Для творчества классиков нонконформизма времен “питерского подполья” характерны строгость и лаконичность, преобладание “сумеречного колорита, иногда почти монохромность, выверенность формального решения, скрупулезное отношение к фактуре” (В.Шалабин, 2006). Сдержанность, неяркость красочной гаммы, ясность композиции рассматривались как характерные черты ленинградской школы. В современном петербургском искусстве в рамках неоимпрессионизма оформилось своеобразное течение, которое можно условно обозначить термином “сумеречная живопись”, представленное картинами Ирины Бируля, Саши Белле, Влада Дашевского, частично Ларисы Голубевой. Обращаясь к истории нонконформизма, можно найти предшественников в 70-х годах – достаточно вспомнить творчество Евгения Горюнова, Анатолия Басина, Валентина Левитина. Живопись неяркого, преимущественно серого колорита, изобилующего тонкими переливами оттенков. В темно-сером как бы тумане слабым сияние проблескивает огонь свечи или вырисовываются контуры предметов (В.Левитин “Натюрморт с окном”, 1978). Живопись учеников Сидлина, участников нонконформизма с самого начала – Горюнова, Басина – оказалась созвучна духу времени 60-70-х годов ХХ века. Мистическое настроение просветления материи, “мотив гармонии глухих природных тонов – землистых, песочных” (Е.Андреева, 1990). Движение блеклой краски на темной основе, спорадическое свечение красочной поверхности, превращение пространства картины в однородную монохромную темную среду, стремление писать не вещи, а ауру вещей. Художники были мастерами редких созвучий, редких вибраций, принадлежавших истинному времени. Как пишет Е.Андреева, “темная гамма была тайным знаком чести”, “ночь цвета”, созданная в творчестве Горюнова, Басина, Левитина совместно с Васми и Шварцем, способствовала созданию темного облика значительной части ленинградской нонконформистской культуры.

В картинах современных художников “сумеречная живопись” стала гораздо тоньше, изысканнее и, конечно, относительно светлее. Розовый отсвет на юбке персонажа картины С.Белле, виртуозная передача голубого тумана (Л.Голубева “Лодка”, 2004). Персонажи картин Голубевой тонут в желтовато-сером тумане петербургского дождливого вечера (“На набережной”, 2003), но ярко-красное пятнышко автомобиля подчеркивает окружающий мглисто-серый фон, изящный черный рисунок кованой решетки рельефно выступает и усиливается мерцающим серым пространством картины И.Бируля. На фоне окружающей нас сегодня лоснящейся пестроты живопись Голубевой, Бируля, Белле, Дашевского представляется почти идеальной по вкусу, альтернативной общему “фону радостных реклам” (Н.Благодатов).

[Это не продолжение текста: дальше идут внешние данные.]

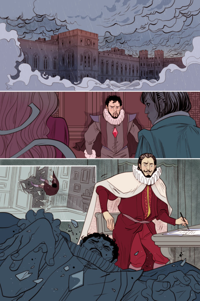 New York, NY—May 18th, 2015— This June – magic and might battle marvelous monstrosities as Angela and Sera take the fight to Battleworld! Today, Marvel is pleased to present your new look at 1602 WITCH HUNTER ANGELA #1 – a brand-new Secret Wars series! Blockbuster writers Marguerite Bennett and Kieron Gillen are joined by artists Stephanie Hans and Marguerite Sauvage for an adventure fueled tale that has to be seen to be believed! In King James’ England, two names are feared above all else – Angela and Sera, scourges of all creatures that haunt their Battleworld domain. They seek a new, seductive evil – not witchbreed, but deal-making Faustians, those who bargain with ancient creatures in return for unnatural power. As wicked evil and malicious shadow creep over the land – will Angela and Sera destroy this evil, or will they succumb to it? The answers lie within this June in 1602 WITCH HUNTER ANGELA #1!
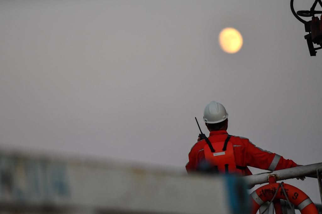 9月16日傍晚,在渤海油田曹妃甸6-4油田中心平台值班船上,郑建国看着从海上升起的明月。
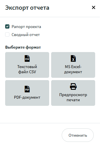 ● Рапорт можно сохранить, нажав кнопку «Экспорт».В открывшемся окне можно выбрать, какие отчеты экспортировать и в каком формате.
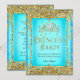 Princess Birthday Party Teal Blue Gold Tiara Invitation
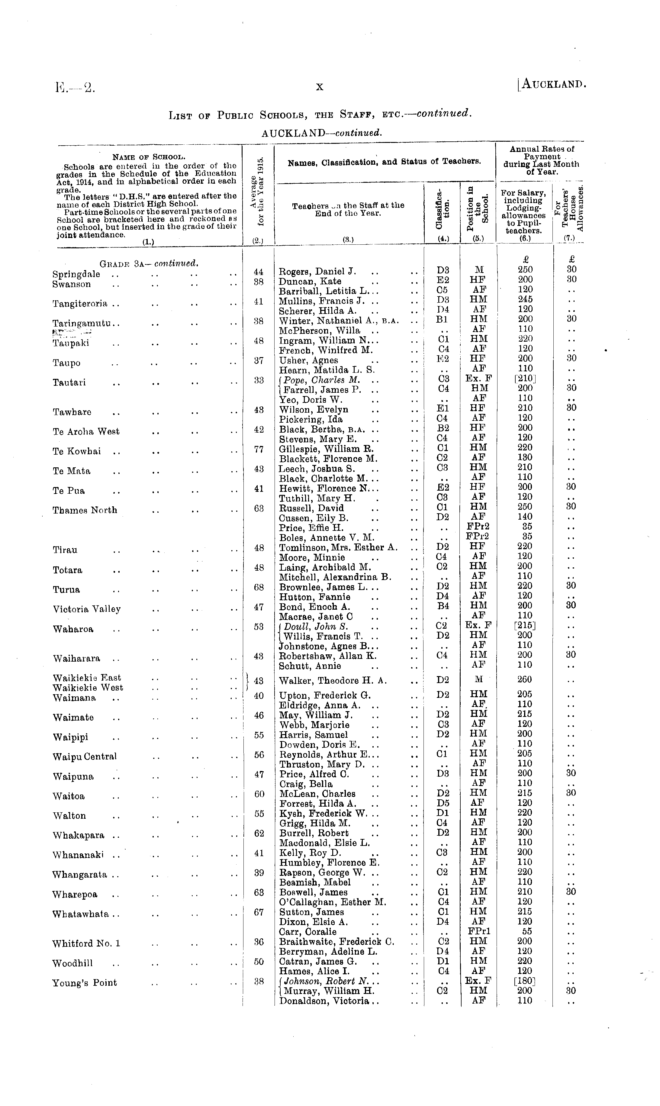List of Public Schools, the Staff, etc. — continued. AUCKLAND—continued.
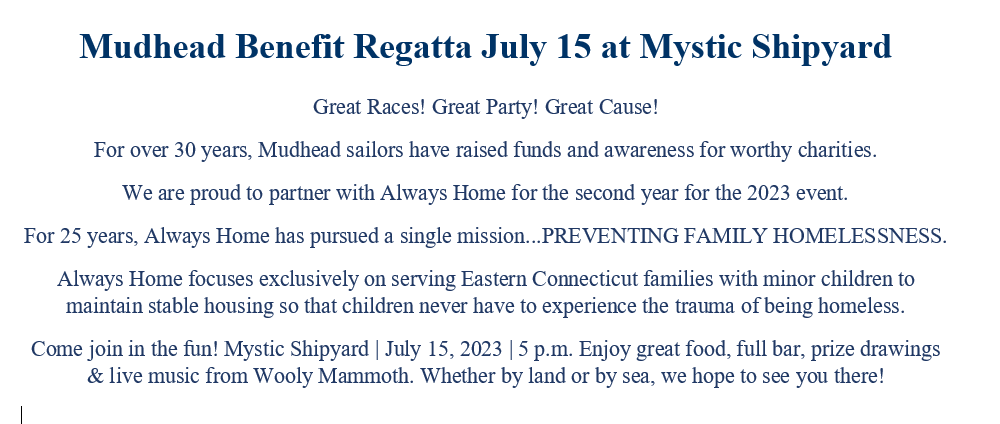 Mudhead Benefit Regatta July 15 at Mystic Shipyard
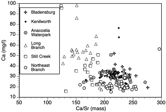 Ca/Sr > 200 in waters without carbonates (which is the case in the main stem of the Anacostia), suggests concrete as the calcium source (Figure 2). Additionally, dissolved Si was not correlated with the cations at any of the sites, suggesting that silicate mineral weathering was not a strong source of cations either. Still Creek and Long Branch had Ca/Sr ratios < 200 and Long Branch Creek had higher Ca than other sites. Given the high nitrate at Long Branch, it is possible that leaking sewer pipes are releasing both nitrate and calcium. Kaushal et al. [28] examined nitrogen stable isotopes in suburban Baltimore and found that lawn fertilizer was not a likely source of nitrogen (the δ15N of nitrate was higher than expected for ammonium fertilizer) and leaking sewers were the likely source. It is possible that is also the case in the suburban Anacostia watershed.

Очень простыми, понятными каждому средствами художникам удается передать тонкие, сложные переживания. Предметы, объекты неброские, но близкие к обыденной жизни, рождают чувство уюта, узнавания – “как старого товарища повстречать”. И если в нонконформизме эта живопись была наполнена философским содержанием и ее мрачный колорит был протестом против лакировки соцреализма, то сегодня он выглядит противовесом кричащей роскоши новой буржуазности.

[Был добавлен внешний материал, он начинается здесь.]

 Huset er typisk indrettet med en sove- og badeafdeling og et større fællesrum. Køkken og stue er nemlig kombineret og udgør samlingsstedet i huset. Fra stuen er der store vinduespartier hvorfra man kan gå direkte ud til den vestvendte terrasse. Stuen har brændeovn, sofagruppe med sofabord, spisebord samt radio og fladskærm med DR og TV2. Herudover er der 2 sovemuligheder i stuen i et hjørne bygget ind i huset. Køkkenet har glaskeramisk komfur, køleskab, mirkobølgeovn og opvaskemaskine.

Символизм, понимаемый как визуализация мира видений и грез, непознаваемых сущностей, был представлен в творчестве многих художников-нонконформистов. Картины Г.Устюгова, А.Путилина, Д.Плавинского, Е.Рухина и многих других были наполнены игрой метафор и ассоциаций, многозначными суггестивными образами. Такова была реакция внутренне-свободного искусства нонконформизма на ограничения позитивистской эстетики и натуралистических тенденций соцреализма. Подробная характеристика этого и других течений нонконформизма дана нами ранее [1], повторим лишь, что исторически неизбежна и значительна была в неосимволизме роль религиозных мотивов. Поскольку религиозная тематика в советском официальном искусстве была под абсолютным запретом, религиозные мотивы в нонконформизме часто носили протестный характер. На картине Евгения Рухина старинные иконы представлены стекающими, истаивающими в слезах, иконостас с черными дырами обожжен пламенем пожара, бессмысленно истребляющего духовное наследие прошлого.

В современном искусстве религиозные мотивы изменились, приобрели, с одной стороны, углубленность, с другой – некоторую обыкновенность употребления. Своеобразная десакрализация в искусстве, безусловно, отражает современное вхождение многоконфессиональной религиозности в обыденную жизнь общества и государства. Появилось направление своеобразной неканонической православной иконописи (Г.Манжаев), когда художники переосмысливают традиционные мотивы, но недалеко уходят от освященных сюжетов и форм. Однако и не настолько близки к канонам, чтобы их произведения могли быть приняты в церковном обиходе. Художники пытаются отразить новые явления современности – например, создать образ недавно канонизированной Ксении Петербургской. Характерно также желание современной церкви привлечь художников к созданию церковной живописи – например, в отношении Александра Исачева. К сожалению, этот замечательный художник умер раньше, чем такое сотрудничество искусства и церкви стало возможным.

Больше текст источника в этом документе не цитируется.